## WHAT THIS TASK INVOLVES
Please take the records that follow and repeat exactly the lines starting with the line with "Op het buitenterrein" and going on through the line with "2月8日,昆明南站人潮涌動(dòng)。".

## SOURCE RECORDS

┌────────

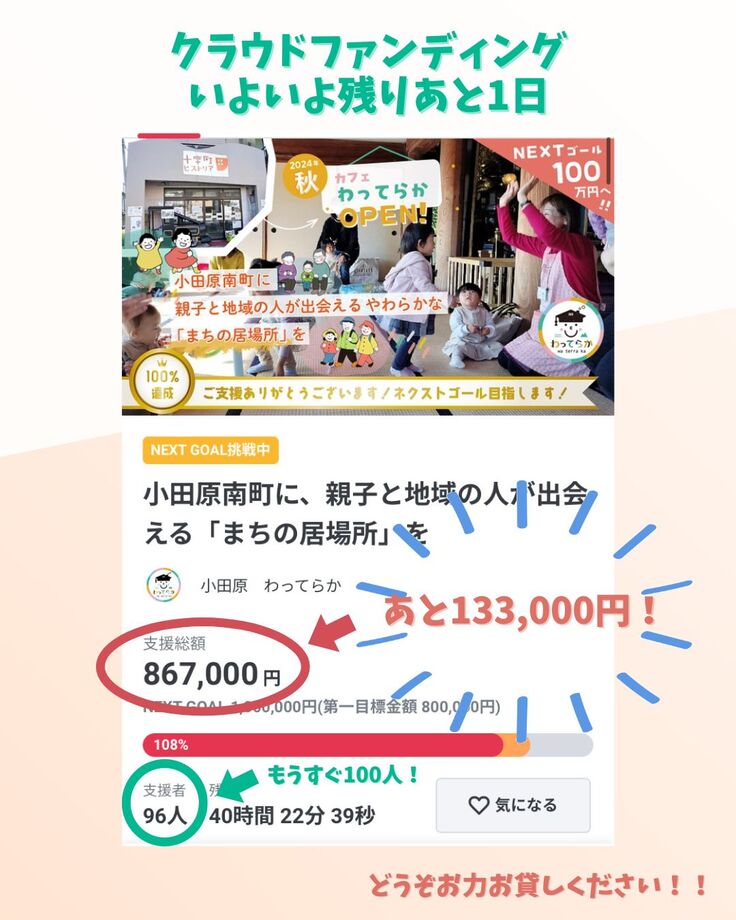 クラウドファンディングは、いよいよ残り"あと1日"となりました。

└────────
┌────────

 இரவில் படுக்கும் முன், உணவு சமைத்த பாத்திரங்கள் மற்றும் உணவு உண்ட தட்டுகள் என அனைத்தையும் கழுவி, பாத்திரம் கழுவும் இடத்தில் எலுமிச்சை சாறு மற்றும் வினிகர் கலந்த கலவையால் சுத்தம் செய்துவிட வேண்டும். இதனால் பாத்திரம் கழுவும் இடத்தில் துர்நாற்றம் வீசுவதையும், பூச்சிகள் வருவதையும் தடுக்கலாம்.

└────────
┌────────

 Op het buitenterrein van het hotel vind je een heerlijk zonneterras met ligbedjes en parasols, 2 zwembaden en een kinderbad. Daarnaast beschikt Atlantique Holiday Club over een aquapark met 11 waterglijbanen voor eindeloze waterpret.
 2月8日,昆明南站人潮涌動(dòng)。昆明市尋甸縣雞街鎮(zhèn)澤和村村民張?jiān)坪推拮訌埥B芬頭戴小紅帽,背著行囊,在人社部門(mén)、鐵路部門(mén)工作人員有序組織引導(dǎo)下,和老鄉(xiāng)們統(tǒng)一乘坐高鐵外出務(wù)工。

└────────

## ANSWER BOX
 Op het buitenterrein van het hotel vind je een heerlijk zonneterras met ligbedjes en parasols, 2 zwembaden en een kinderbad. Daarnaast beschikt Atlantique Holiday Club over een aquapark met 11 waterglijbanen voor eindeloze waterpret.
 2月8日,昆明南站人潮涌動(dòng)。昆明市尋甸縣雞街鎮(zhèn)澤和村村民張?jiān)坪推拮訌埥B芬頭戴小紅帽,背著行囊,在人社部門(mén)、鐵路部門(mén)工作人員有序組織引導(dǎo)下,和老鄉(xiāng)們統(tǒng)一乘坐高鐵外出務(wù)工。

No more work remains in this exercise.